He spoke after Prime Minister Leszek Miller said earlier in an interview that Poland, a former Soviet satellite, was ready to allow US bases on its territory if such a request was made.

Feith arrived here from Brussels where he and State Department counterpart Marc Grossman presented American redeployment plans to a meeting of permanent representatives to NATO.

Feith told journalists here a consultation process was in progress.

"Decisions are going to come through a respectful consultative process," he said:

"If (the process is) done right it will be enormously beneficial to the Alliance and to our security."

He said he and Grossman would visit a dozen countries this week including Russia to discuss US redeployments in Europe.

President George W. Bush said last month Washington would step up negotiations with several European and Asian countries on American global deployment.

Miller told state Trojka radio Monday: "If it was only up to me, I would have said yes."

Szmajdzinski said earlier Monday in a separate radio interview there was no risk that Poland, a NATO member since 1999, could become a target for extremists if US military bases were opened in the country.

"It will not change our situation.
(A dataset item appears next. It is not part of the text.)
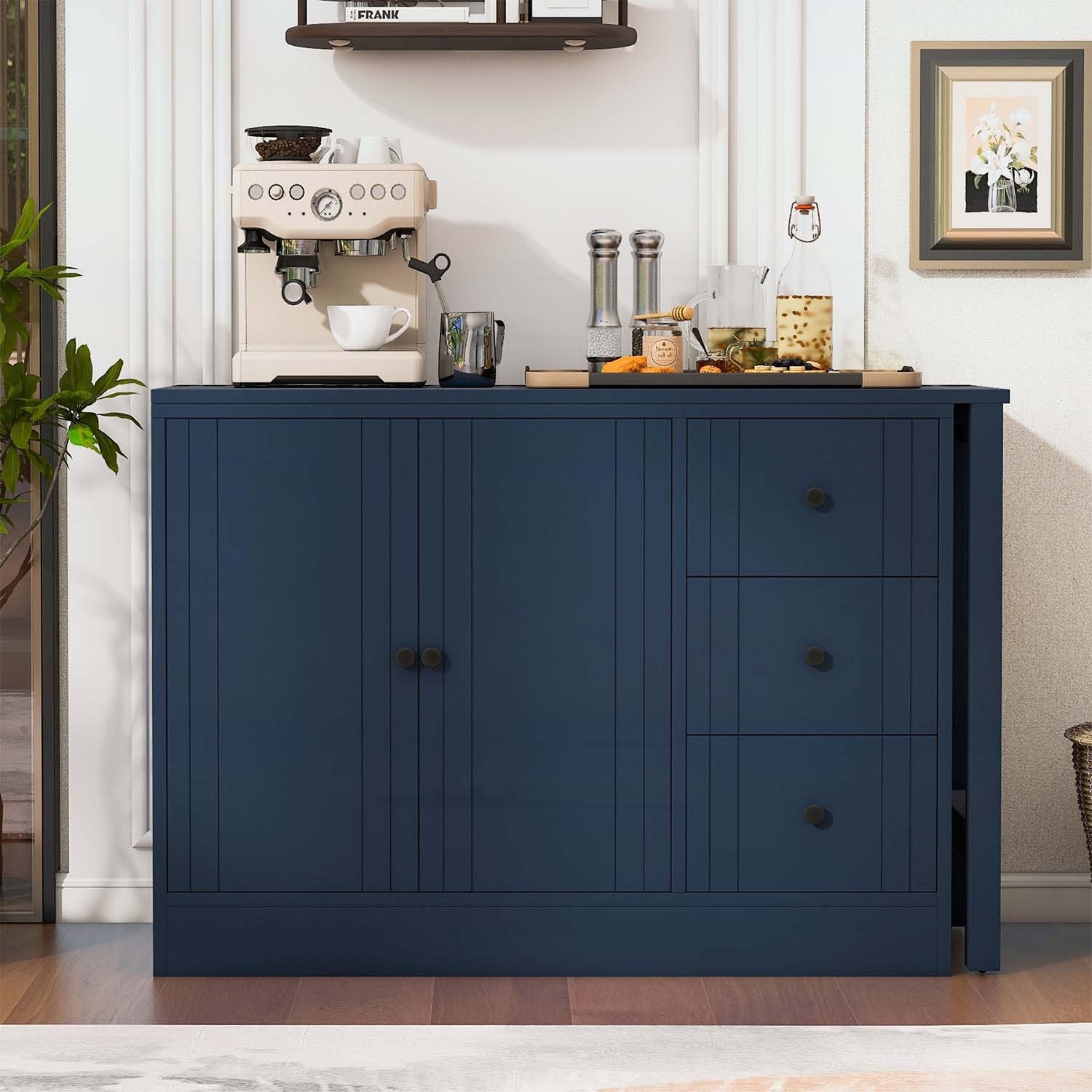 Wooden Storage Cabinet with Extendable Table,2 Doors and 3 Drawers,for Living Room,Study,Foyer,and Kitchen

Poland already is a member of the anti-terrorist coalition," he said. "Ironically, the bases could mean that our country will be safer, a reaction to an attack could be faster."

Szmajdzinski has previously said the government and President Aleksander Kwasniewski would discuss the base issue with Poland's political parties and listen to public opinion.

Bush came to office in January 2001 with plans to overhaul US forces to make them more mobile as well as revamp where they are stationed abroad.

Poland was one of Washington's strongest backers in the war that toppled Iraqi leader Saddam Hussein and has sent around 2,500 troops and leads one the three military zones in the country.